Craniotomy
To perform certain surgeries in the brain, to repair an aneurysm, remove a tumor or make other repairs, access is needed to reach inside the skull. Neurosurgeons at WakeMed are skilled in what is called a craniotomy. This specialized surgery removes part of the bone from the skull and exposes the brain. These highly trained surgeons use specially designed tools to remove the bone flap to access the surgical site. After surgery, unless there is infection or cancer on the bone, the bone flap is replaced to close the skull.
In some cases, imaging guidance — usually MRI or CT — is used to direct the surgeon to the location inside the brain for surgery.
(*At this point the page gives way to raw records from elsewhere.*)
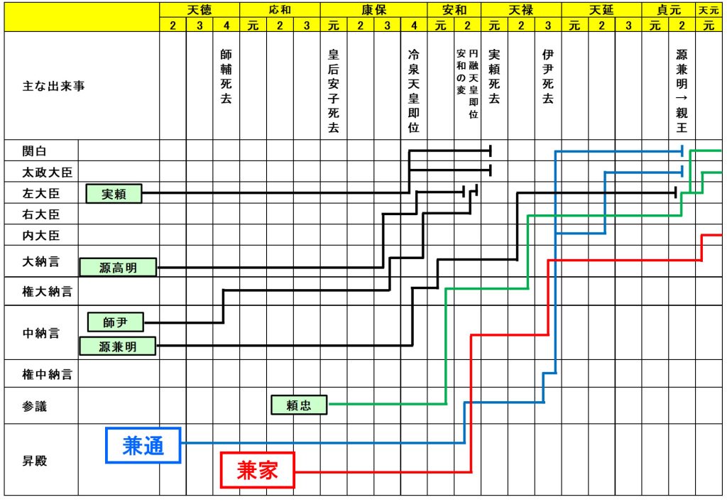 ・969年(安和2年)と次の年の2年間に、政界の上層部を占めていた実頼(摂政)、源高明、師尹(左大臣)、在衡(ありひら)[師尹の後の左大臣]が亡くなった。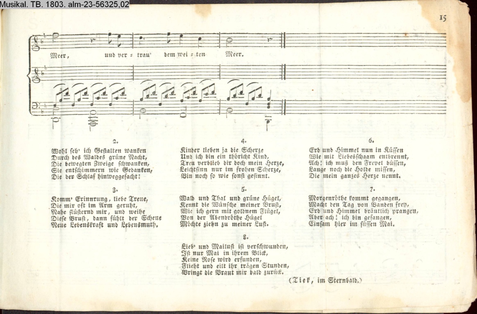 Lieder zum musikalischen Taschenbuche 1803 der Brüder Werden componirt von Wilhelm Schneider (Sammlung INr 56317, Obj 79) Photos 56325,01; 56325,02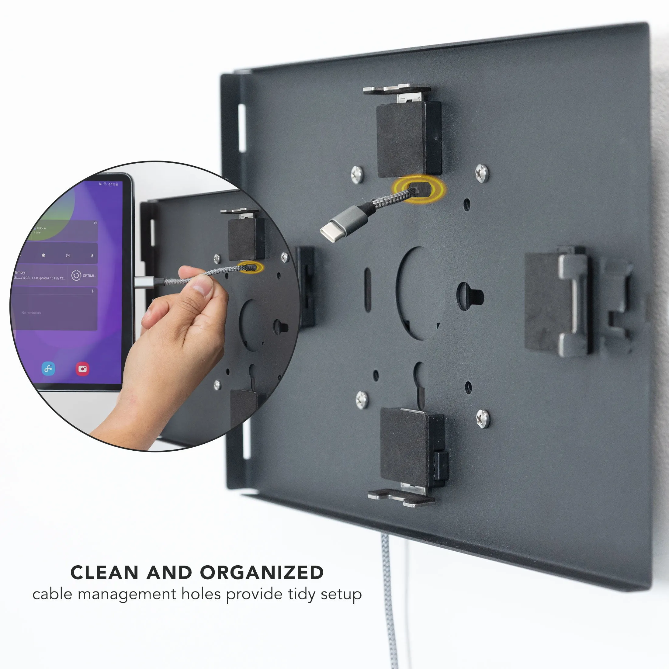 Enhance the security and accessibility of your Samsung tablet with our Lockable Tablet Wall Mount. This stylish and durable mount is crafted specifically for high-traffic areas like retail stores, trade show booths, and educational institutions where safety is paramount.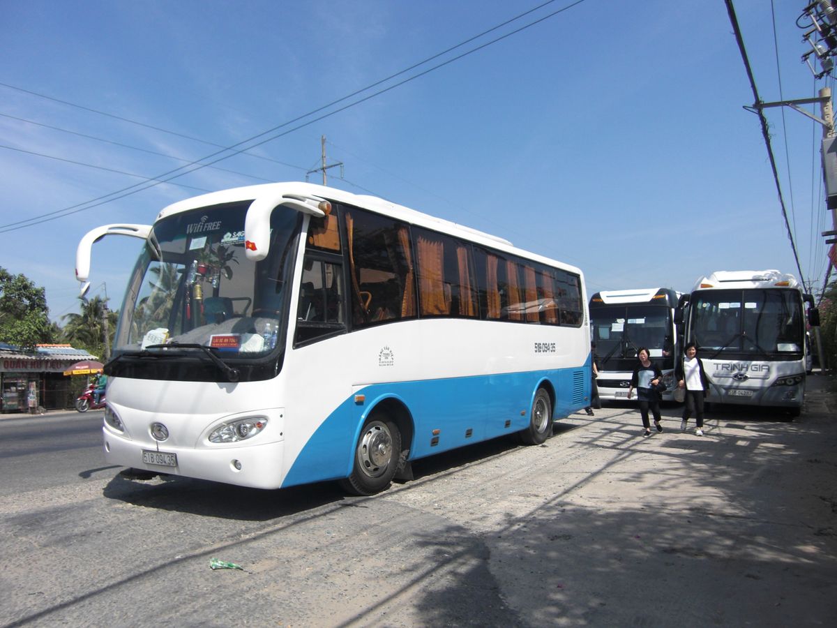 とてもキレイでクーラーもきいたバスだったので、メコン川まで1時間半ほどかかりましたが子連れでも快適に過ごせました。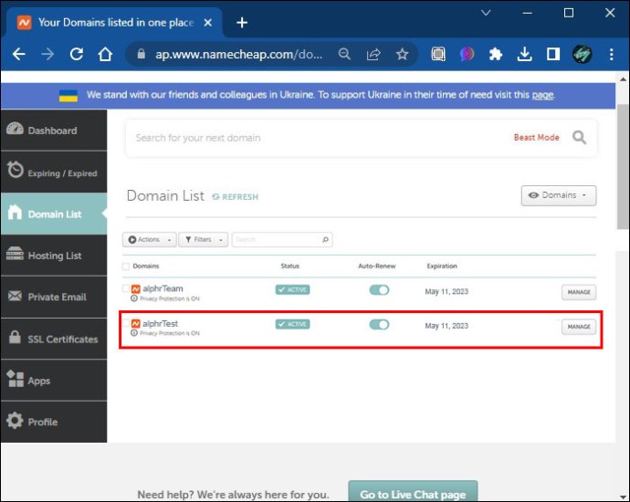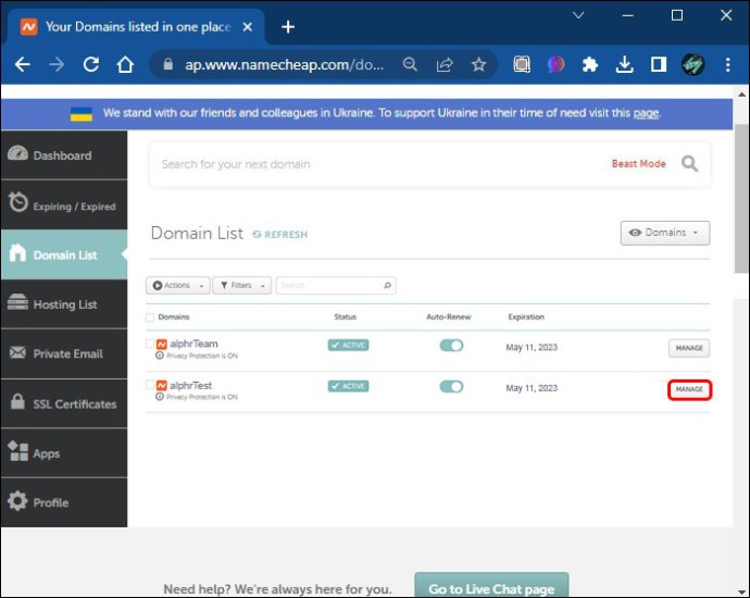 Clique no botão”Gerenciar”à direita do nome do domínio.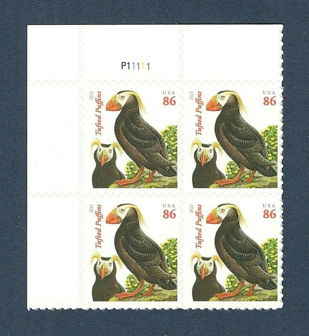 S/A PLATE BLOCK (4) BLACK DATE, MNH, NICELY CENTERED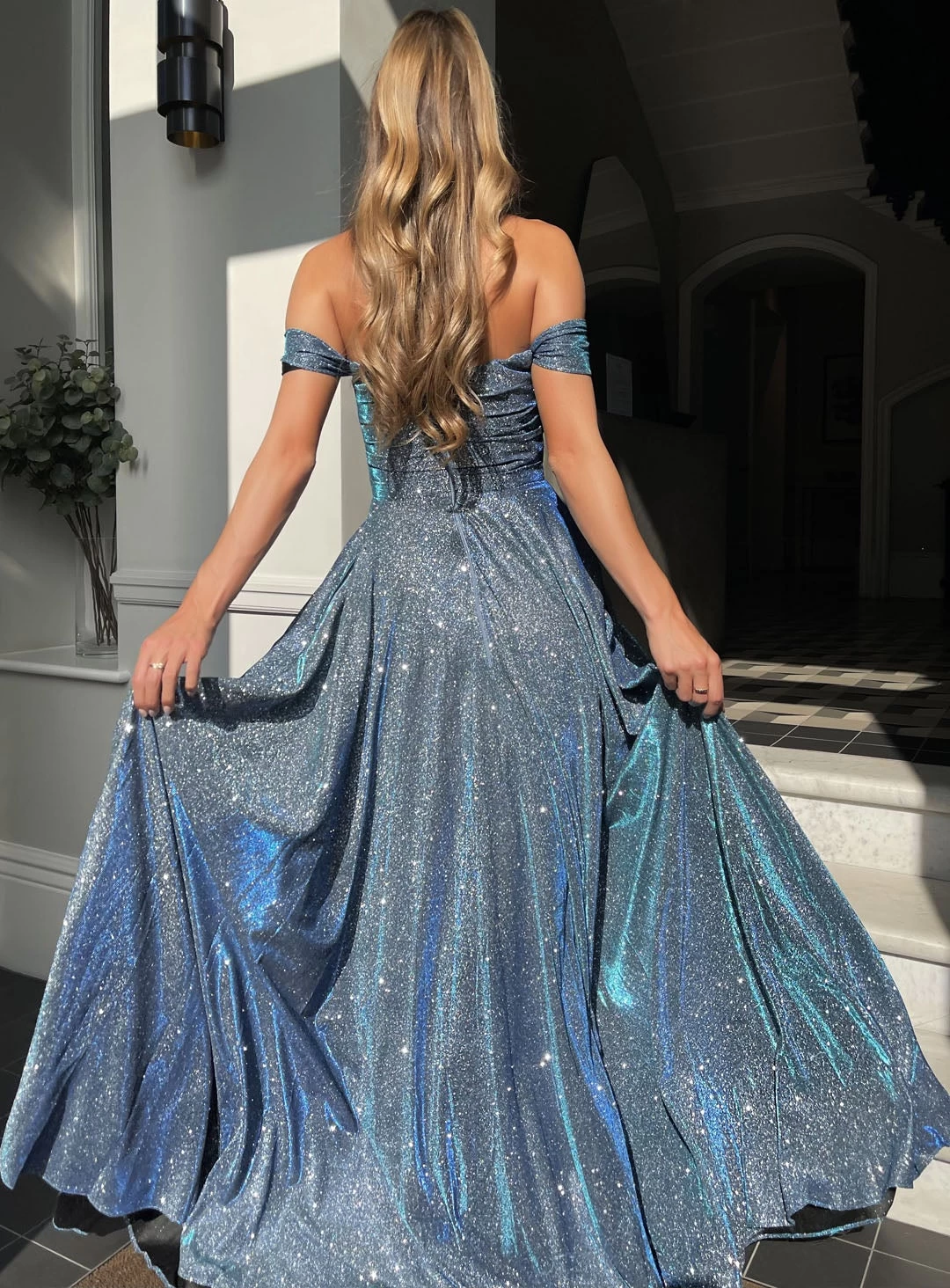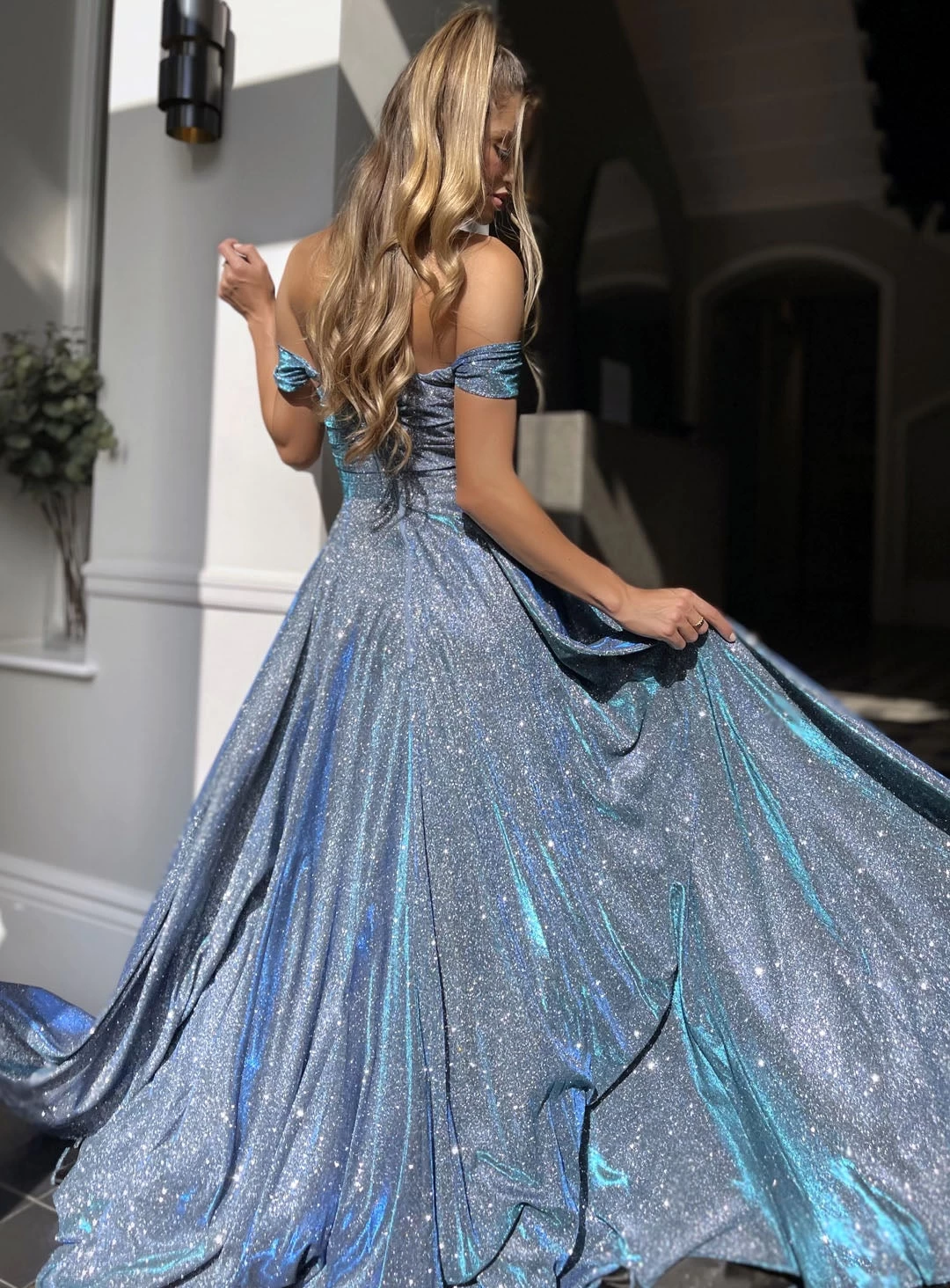 A stunning full length gown by Jadore JP127. An off shoulder style featuring a fitted bodice, flared skirt and thigh high split.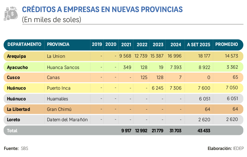 Entre 2021 y septiembre de 2025, siete provincias del interior del país lograron acceder por primera vez al financiamiento empresarial formal, marcando un hito en la expansión territorial del crédito. Este avance se traduce en un promedio anual de S/ 43.4 millones en financiamiento, destinado íntegramente a pequeñas y microempresas. Las provincias que se han incorporado al mapa crediticio nacional incluyen La Unión (Arequipa), Puerto Inca y Huamales (Huánuco), Huanca Sancos (Ayacucho), Canas (Cusco), Gran Chimú (La Libertad) y Datem del Marañón (Loreto), lo que les ha permitido diversificar sus fuentes de capital y fortalecer sus economías locales.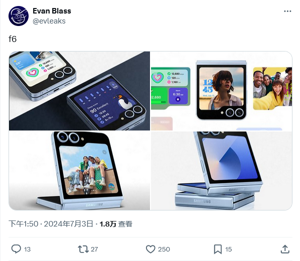 IT之家 7 月 3 日消息,消息源 Evan Blass(@evleaks)今天发布推文,分享了三星 Galaxy Z Flip6 手机的宣传图片,照片展示了蓝色版本,外屏采用“文件夹”造型,相机部分配有蓝色圆环,其余部分为黑边。

A craniotomy is done to treat the following conditions or injuries:
- Brain tumors
- Aneurysm clipping/repair
- Blood on the brain or blood clot removal
- Arteriovenous malformation (AVM) removal
- Brain abscess repair/drainage
- Skull fracture repair
- Stroke/brain injury — pressure/drainage
- Epilepsy treatment
- Stimulator device implantation to treat Parkinson's disease or other movement disorders
Learn what to expect from surgery
The surgical site is shaved prior to surgery. Under general anesthesia, the surgeon makes an incision to access the skull. If the procedure is performed using minimally invasive protocols, smaller incisions is made.
The surgeon uses a medical drill to make tiny holes and saw to precisely cut the bone flap and temporarily remove it. The outer covering called the dura mater is separated and cut to reach the brain. Any additional fluid is drained from the site and the corrective surgery is performed. In some cases, the surgeon may use specially designed magnifying instruments to ensure accuracy and precision. A monitor to measure pressures inside the brain may be used during certain procedures. Once the surgery is finished, the bone flap is replaced and attached in its original location and held in place with sutures or wire. In some cases, if the bone flap is infected or was a part of a removed tumor, it will not be reattached.
Most patients are admitted to intensive care for monitoring at first. Normally, patients are hospitalized for three to seven days, based on the type of repair or surgery performed. Some patients may be admitted to WakeMed’s Rehab Hospital for inpatient therapy or will be referred for outpatient therapy once discharged.
It takes about three to four weeks for the incision to heal. During that time, patients should refrain from heavy lifting or high-impact exercise. Some patients keep the site covered with a loose-fitting hat or scarf during this time. The site will be painful and exacerbated with coughing, exertion and quick movements. The surgeon will advise on the best pain regimen to ensure that the patient is comfortable during recovery.